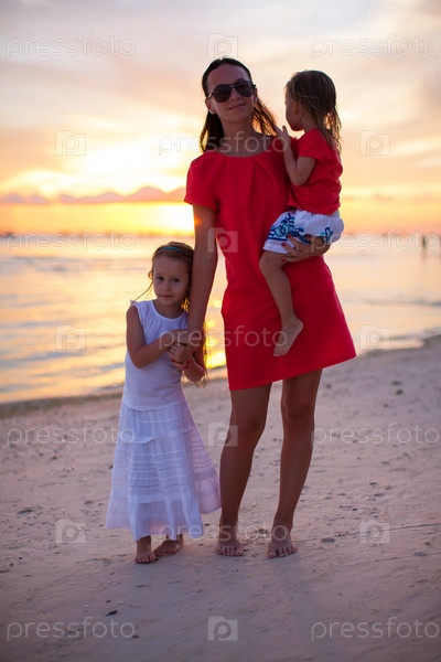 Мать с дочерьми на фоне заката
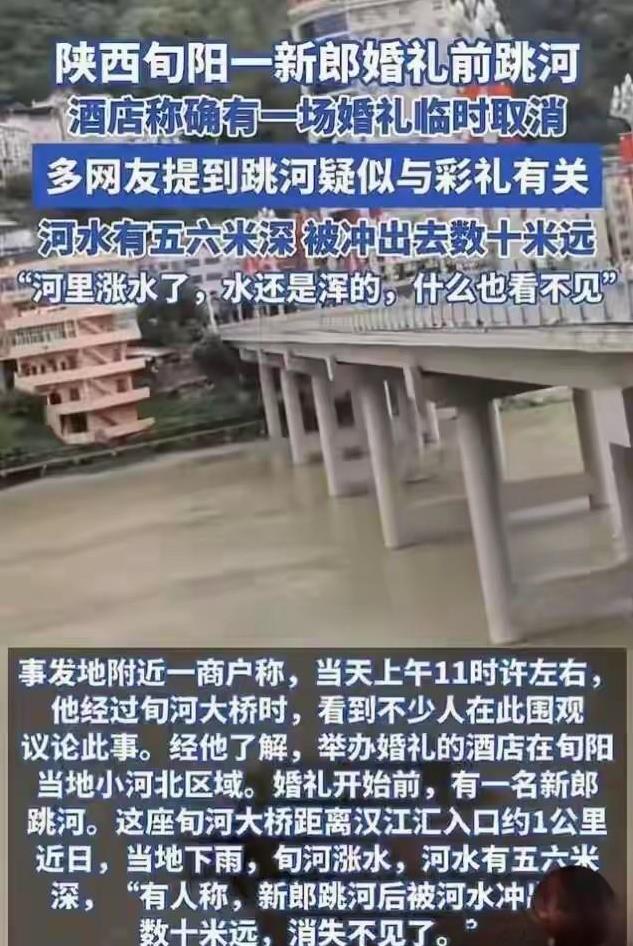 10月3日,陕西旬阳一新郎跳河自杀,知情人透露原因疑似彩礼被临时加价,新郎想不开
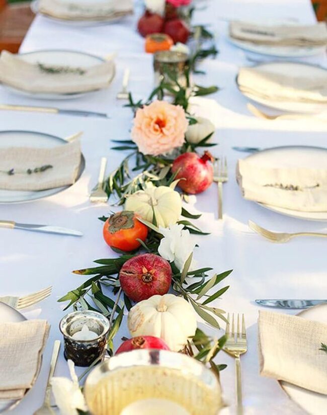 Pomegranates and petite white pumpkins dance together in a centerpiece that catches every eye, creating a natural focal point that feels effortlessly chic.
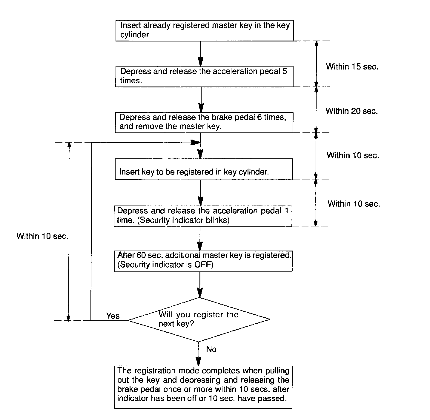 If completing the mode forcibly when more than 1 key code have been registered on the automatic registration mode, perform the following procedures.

[Try it]
Only the pictures are to be left out; print everything else in the listing exactly.

[Written answer]
 Мать с дочерьми на фоне заката
 10月3日,陕西旬阳一新郎跳河自杀,知情人透露原因疑似彩礼被临时加价,新郎想不开
 Pomegranates and petite white pumpkins dance together in a centerpiece that catches every eye, creating a natural focal point that feels effortlessly chic.
 If completing the mode forcibly when more than 1 key code have been registered on the automatic registration mode, perform the following procedures.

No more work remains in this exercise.